◆ Directions for this task
Print the lines from the one containing "活動當日,學生除了演唱作品外" through the end of the listing below, exactly as written. Any pictures stay out.

◆ Dataset excerpt
BEGIN

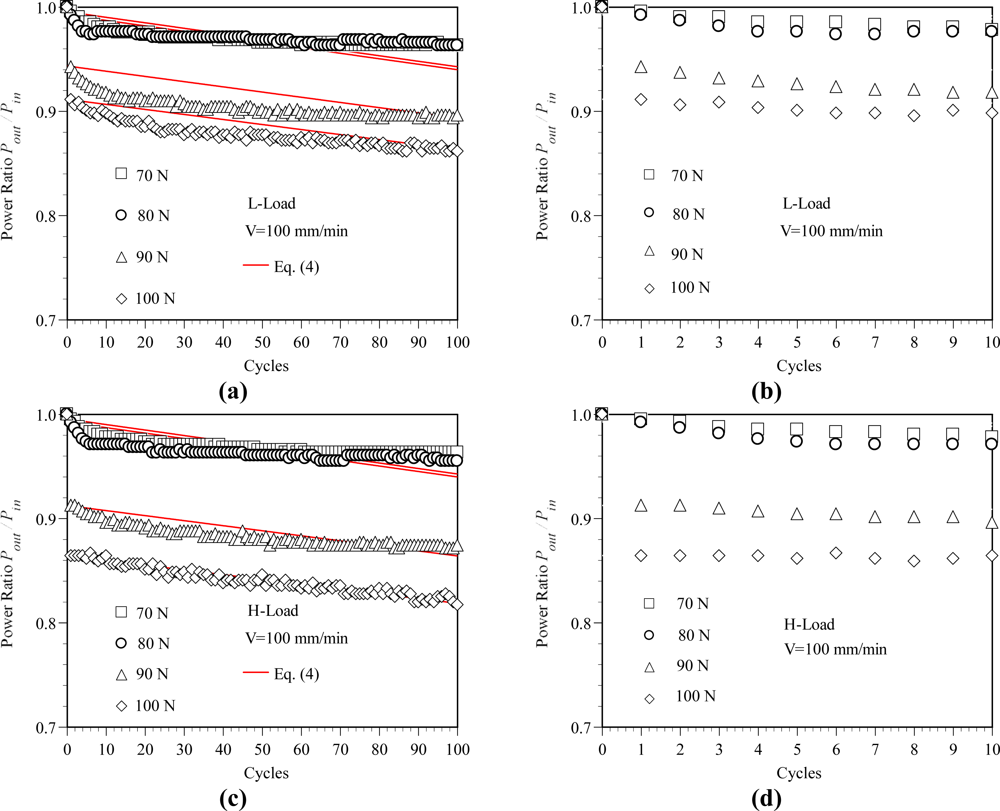 The corresponding variations of the power ratio Pout/Pin with the number of cycles are shown in Figure 6. As shown in the figure, the power ratio Pout/Pin decreases with the increasing number of cycles or the increasing load level. The results shown in Figure 6(a) indicate that after 100 cyclic tests, the power ratio Pout/Pout obtained from the L-Load decreases about 3.7, 4.1, 10.4 and 13.8% at the load levels of P = 70, 80 90 and 100 N, respectively. The corresponding power ratio Pout/Pin obtained from the H-Load decreases about 3.7, 4.5, 12.6 and 18.3 %, respectively. It also can be found that the maximum power loss occurs at the first cyclic test, i.e., CV = 1. The results shown in Figure 6 indicate that the power losses are about 8.9% and 13.6%, respectively, for the L-Load and H-load at the load level P = 100 N and CV = 1. It can be observed from the experimental cyclic load-displacement curves, as shown in Figure 4, that the maximum elongation δ occurs in the first cyclic test. Also, as shown in Figure 3, a larger elongation can result in a larger area under the load-displacement curve, i.e., larger strain energy is accumulated in the deformed POF specimen. This leads to a larger power loss in the POF specimen [15]. In addition, it is observed that the displacement increases with the increasing number of cycles. However, the increase of displacement is slower and gradually reaches a stable value as the number of cyclic tests is greater than 60, as shown in Figure 6. Accordingly, the corresponding power ratio decreases, i.e., power loss increases, with increasing cyclic tests. When the number of cyclic tests is greater than 60, the power losses of the POF specimens decrease very slightly.
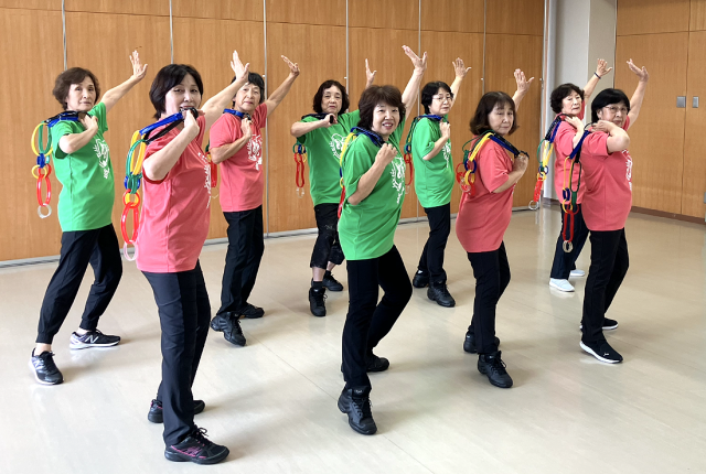 7年前に講座が教室となりました。みなさん生き生きとして、体を動かされています。痛いところもあるので、それをカバーできる筋力づくりを目指しています。年齢を忘れるくらいおしゃべり上手で、イベントにも参加してくれます。今は生涯学習センター祭りに備えて、頑張り中です。
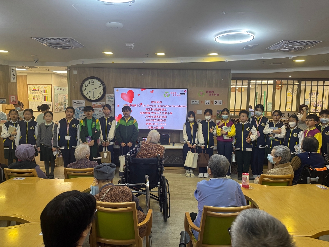活動當日,學生除了演唱作品外,更主動與長者傾談交流,細心聆聽他們的生活分享,從中建立跨代溝通與情感連結。有長者分享昔日經歷,學生則以真誠的態度回應與關懷,現場氣氛溫馨融洽,充分展現關愛與尊重。
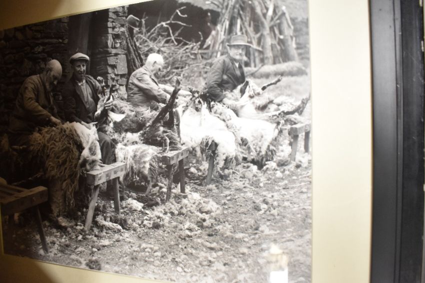 A pair of historical farming photographs in a simple black frame, mounted and glazed 54cm x 43.58cm sold with a pair of nautical pictures mounted framed and glazed 48cm x 36cm etc.

END

◆ Solution to the exercise
活動當日,學生除了演唱作品外,更主動與長者傾談交流,細心聆聽他們的生活分享,從中建立跨代溝通與情感連結。有長者分享昔日經歷,學生則以真誠的態度回應與關懷,現場氣氛溫馨融洽,充分展現關愛與尊重。
 A pair of historical farming photographs in a simple black frame, mounted and glazed 54cm x 43.58cm sold with a pair of nautical pictures mounted framed and glazed 48cm x 36cm etc.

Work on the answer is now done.